NASIL başlarsa öyle bitermiş… 2009 yılı, Türkiye’deki iç siyasi gelişmeler açısından, tam da bu sözün hakkını verir tarzda sonlandı. Ergenekon Davası bağlamında gerçekleştirilen operasyonlar ve meydana gelen gelişmeler, yılın son günlerinde de biçim ve muhteva değiştirerek aynı hızla devam etti (2010’un sonunda hangi noktada oluruz Allah bilir). Silah tarlaları, Kafes Operasyonu vs. derken, sözcük dağarcığımıza yeni bir kavram daha sokmanın mutluluğunu yaşıyoruz: Kozmik oda.

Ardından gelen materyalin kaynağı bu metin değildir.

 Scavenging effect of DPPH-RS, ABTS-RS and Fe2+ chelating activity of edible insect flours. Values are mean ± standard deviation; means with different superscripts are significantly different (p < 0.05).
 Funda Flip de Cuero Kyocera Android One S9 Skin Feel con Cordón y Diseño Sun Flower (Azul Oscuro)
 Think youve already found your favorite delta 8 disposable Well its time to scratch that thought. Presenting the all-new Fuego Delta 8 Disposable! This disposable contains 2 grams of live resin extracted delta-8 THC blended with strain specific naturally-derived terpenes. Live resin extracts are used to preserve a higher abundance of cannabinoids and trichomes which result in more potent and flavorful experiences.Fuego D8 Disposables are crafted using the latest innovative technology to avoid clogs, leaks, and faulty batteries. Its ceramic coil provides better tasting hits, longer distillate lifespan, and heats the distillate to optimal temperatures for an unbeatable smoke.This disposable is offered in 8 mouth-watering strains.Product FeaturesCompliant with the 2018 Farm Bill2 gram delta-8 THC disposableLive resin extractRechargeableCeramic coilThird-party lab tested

19 Aralık Cumartesi günü, Başbakan Yardımcısı Bülent Arınç’ın evinin bulunduğu sokakta turlayan şüpheli bir otomobildeki iki kişinin yakalanmasıyla başlayan süreç, her geçen gün yeni bir hal alarak devam ediyor. Başlangıçta illegal bir örgütün Arınç’a yönelik bir suikast girişimi şüphesiyle başlatılan (en azından kamuoyuna bu şekilde yansıtılan) operasyon, araçtaki kişilerin Seferberlik Tetkik Kurulu’nda görevli subaylar -biri albay, diğeri binbaşı- olmasıyla farklı bir yöne doğru evrildi. İlk gün serbest bırakılan iki subay, kimliklerinin açığa çıkması sonrasında 25 Aralık’ta, bu sefer 6 mesai arkadaşıyla birlikte tekrar gözaltına alındı. Subayların 5’i savcılık aşamasında, aralarında Arınç’ın evi önünde yakalanan iki subayın da bulunduğu ve “silahlı örgüt kurma, yönetme” suçlamasıyla mahkemeye sevk edilen diğer 3 subay ise mahkeme hâkimi tarafından, “yeterli delil bulunmadığı” gerekçesiyle serbest bırakıldı.

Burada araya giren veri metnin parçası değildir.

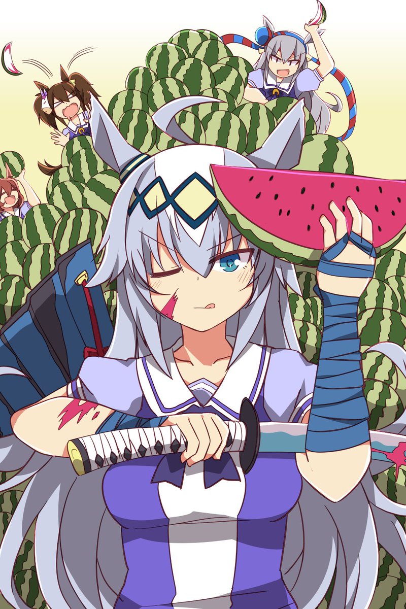 オグリキャップのスイカを食べてるシンボリルドルフ
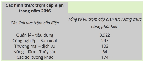 Ông Lê Quang Đức - Phó Trưởng ban Thanh tra - Bảo vệ (Tập đoàn Điện lực Việt Nam – EVN) cho biết, trong năm 2016, các đơn vị thuộc EVN đã rà soát và kiểm tra trên 3,37 triệu lượt khách hàng sử dụng điện và phát hiện 4.560 vụ trộm cắp điện với sản lượng điện truy thu lên đến hơn 15,9 triệu kWh, tương ứng 45,237 tỷ đồng. Số vụ có giảm hơn so với các năm trước, nhưng hình thức trộm cắp điện lại tinh vi và khó phát hiện hơn.
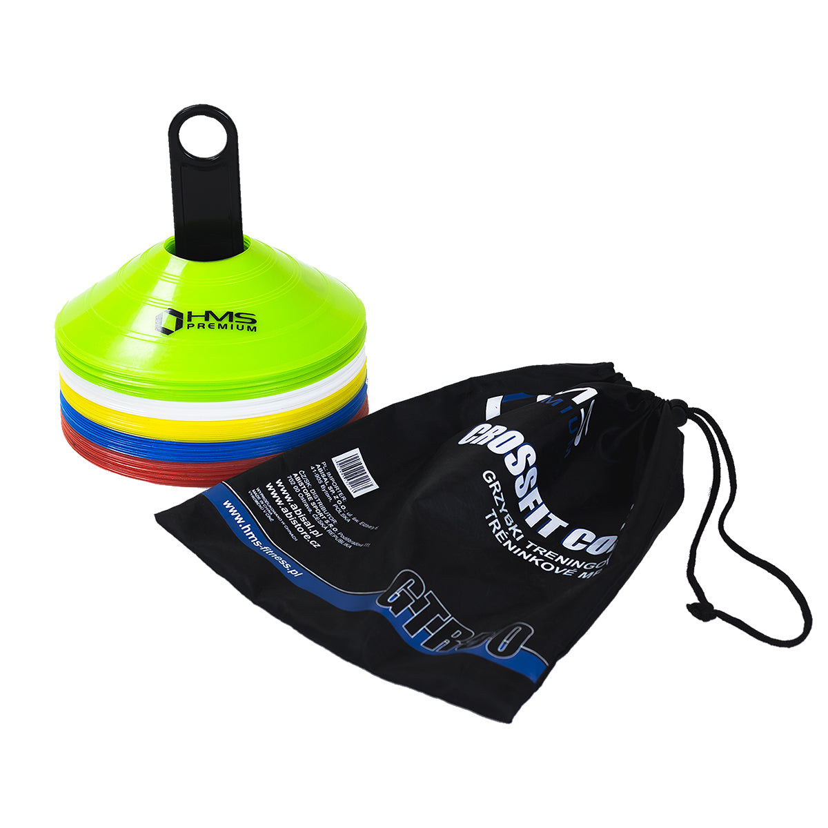 Das GTR50 HMS PREMIUM Set ist ein buntes Set aus 50 Markierungshauben und mit einem Trageständer. Dieses multifunktionale Set eignet sich für jedes Spiel und für viele Sportdisziplinen. Es ist ideal sowohl für Trainer der Teamspiele als auch für Trainer der Leichtathletik. Die Markierungshauben dienen zur Abgrenzung von Spielfeldern und zur Erfüllung der Trainingsziele, wie z.B. bei Slalomparcours. Ein zusätzlicher Vorteil betrifft den Trageständer, mit dem Sie problemlos alle Markierungshauben transportieren. Nach dem Training können Sie alles in einen handlichen Beutel packen, der ebenfalls zum Set gehört.

Yakalanan subayların “Arınç’ın evinin önünde ne aradıkları” sorusuna cevap olarak da, Arınç’a suikast girişiminden muhtemel bir darbe sonrası Arınç ve benzeri konumdaki kişileri “toplamak” için adres keşfi yapıldığına varıncaya kadar pek çok iddia gündemi meşgul etti, etmeye de devam ediyor. Genelkurmay Başkanlığı’nın 21 Aralık’ta yaptığı yazılı açıklamada ise söz konusu iki subayın, “…uzun süredir devam eden, kastedilen bölgeye yakın bir yerde oturan ve bilgi sızdırdığı iddia edilen bir askerî personel hakkında bilgi toplamak üzere görevlendirilmiş” oldukları belirtilmekteydi.

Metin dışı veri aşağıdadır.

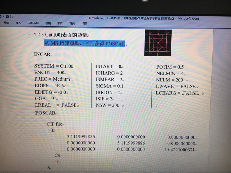 我建立完模型一共只有8个...教程上有16个。不知道问题出在哪里。后面k点也采用了5*5*2,求大牛求解 发自小木虫IOS客户端 |
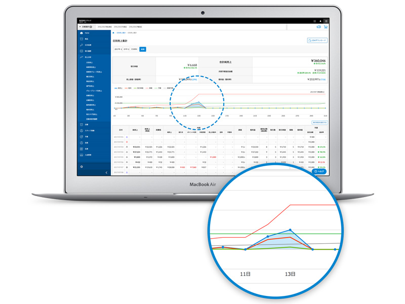 店舗、商品、時間など様々な軸での売上分析が可能 。リアルタイムで売上を確認できます。
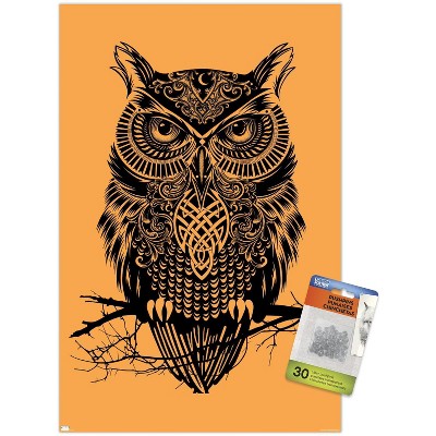 Trends International Rachel Caldwell - Warrior Owl On Orange Unframed Wall Poster Prints
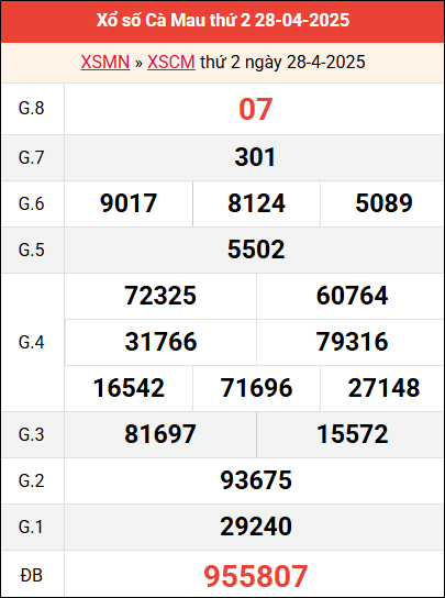 Bảng kết quả Cà Mau ngày 28/4/2025 tuần trước
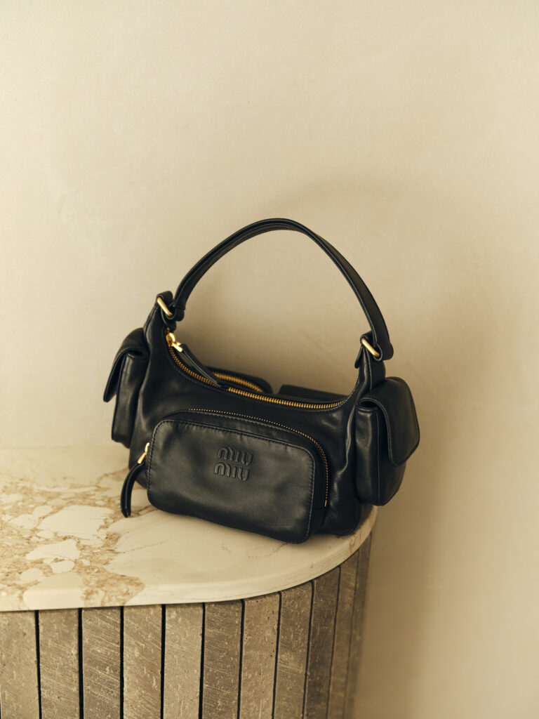 上質なナッパレザーを贅沢に用いた、ミュウミュウのショルダーバッグ。立体的に構築されたポケットがデザインアクセントとなり、シンプルなフォルムに表情を与える。肩にかけるとラインが美しく際立ち、スタイル全体を一段と洗練された印象へと引き上げてくれます。

İki subayın ilk gün serbest bırakılmasıyla birlikte, söz konusu askerleri gözaltına alan iradeye yönelik tepkiler yükseldi. Ancak muhtemelen onlardan alınan bilgilerden hareketle, Özel Kuvvetler Komutanlığı’na bağlı Ankara Seferberlik Bölge Başkanlığı’ndaki “kozmik oda”da başlatılan ve günlerdir sürmekte olan araştırmalar ve söz konusu şahısların “silahlı örgüt kurma, askerî darbe hazırlığı yapma” gibi suçlamalarla yeniden gözaltına alınıp mahkemeye sevk edilmeleri, meselenin hiç de basite alınacak bir mesele olmadığını gösterirken, Türk Gladyosu’ndan Ergenekon Örgütü’ne varıncaya dek birçok farklı yapılanmayı da yeniden gündeme getirdi. (Geçtiğimiz ay peş peşe meydana gelen subay intiharları da bu sürecin bir parçası mı acaba? Mevcut verilerle bunu bilebilmemiz mümkün değil. Ancak “devlet ve millet”için canlarını ortaya koyanların, tutuklanmak, mahkum olmak, hapishaneye atılmak gibi ihtimaller karşısında bir anda çözülüp intihar etme tercihleri hiç de akılla mantıkla açıklanabilir bir durum değil. Var bir gariplik!)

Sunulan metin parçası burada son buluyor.